Perhaps even though the distribution looks log normal, it isn't in the tails?
Long tails can influence the mean.

Daniel Shawul
Posts: 3498
Joined: Tue Mar 14, 2006 10:34 am
Location: Ethiopia
Contact:

### Re: Perft(13) betting pool

Perhaps even though the distribution looks log normal, it isn't in the tails?
Long tails can influence the mean.
That is probably the case. I usually do the plots around the mode (peak) which almost always shows a log-normal trend. If you recall, I mentioned that for perft 20, that the mean is very far from the mode or median, so I couldn't plot them together. With larger depths there is going to be shorter wins which can affect the lognormal shape. You would expect close to the mode (high frequency) the games are typical length of the perft.
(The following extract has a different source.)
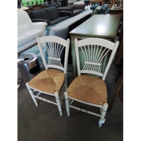 • PAIRE DE CHAISES BOIS BLANC DOSSIER LYRE ASSISE PAILLÉ

I suspect it would be much worse for an LMR perft, because there only a few nodes reach depth=20 for perft 20. When a game ends prematurely, we are assuming a BF of 1 from then onwards, this can be really damaging to the lognormal curve. I should also add that Uri's method may give bad results for LMR perft too since it has problems when a game ends early.
Anyway, it is good to know what is happening behind but using log-normal assumption is not a good estimator.